Okay, so I should confess something before I go any further.  When I was 13 I developed a large crush on Donny Osmond.  I read every Teen Beat magazine I could get my chubby hands on and put posters of him on my bedroom wall.  I bought all his records and sang “Puppy Love” along with him at the top of my lungs, so I ‘get’ these little girls who have “Bieber Fever”.  Donny Osmond somehow survived the 80’s when his career took a nose dive and then he managed to reinvent himself enough to go on to other things.  Other teen idols don’t do so well in between the healed acne and the grey hairs.  Whatever happened to David Cassidy, Bobby Sherman, Leif Garrett and Debbie Gibson?

Well, Bobby Sherman, for instance, is 67 years old now.  Yikes.

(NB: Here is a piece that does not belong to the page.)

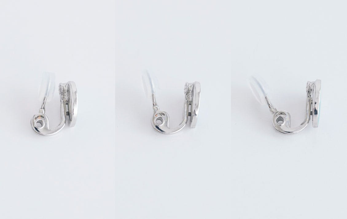 イヤリングは、金具の開閉具合が調節可能な仕様。

And one day Justin Bieber, if he’s lucky, will be 67 years old.  That’s 51 years from now.  Yikes again.  By then, that Beatle-esque mop of hair of his will mostly be gone except some around the outskirts. He’ll occasionally see a glint of recognition in the eyes of  the female semi-retired pharmacist at the local mall where he picks up his high blood pressure pills, but she won’t quite be able to place him.   The den at his rancher in the gated community where he lives will be filled with memorabilia, a leather couch and not much else.  Grammy awards will gather dust beside framed photos of him with some strangely attired person named Lady GaGa, and oddly enough, there will be a bottle of nail polish sitting there that he can’t quite remember the story behind.  He will rarely leave his house, a habit he got into after all those years of having to hide out from the fans.  There are no more calls from reporters, no photo sessions or concert dates anymore, except that Bar Mitzva that he promised his nephew he’d show up for.

Yeah, feeling better now.  Baby, baby, baby, ooooh, baby, baby….

(Update:  even the first Chilean miners that were successfully pulled from the mine were bombarded with offers by media and marketers before all of them had been safely rescued!!)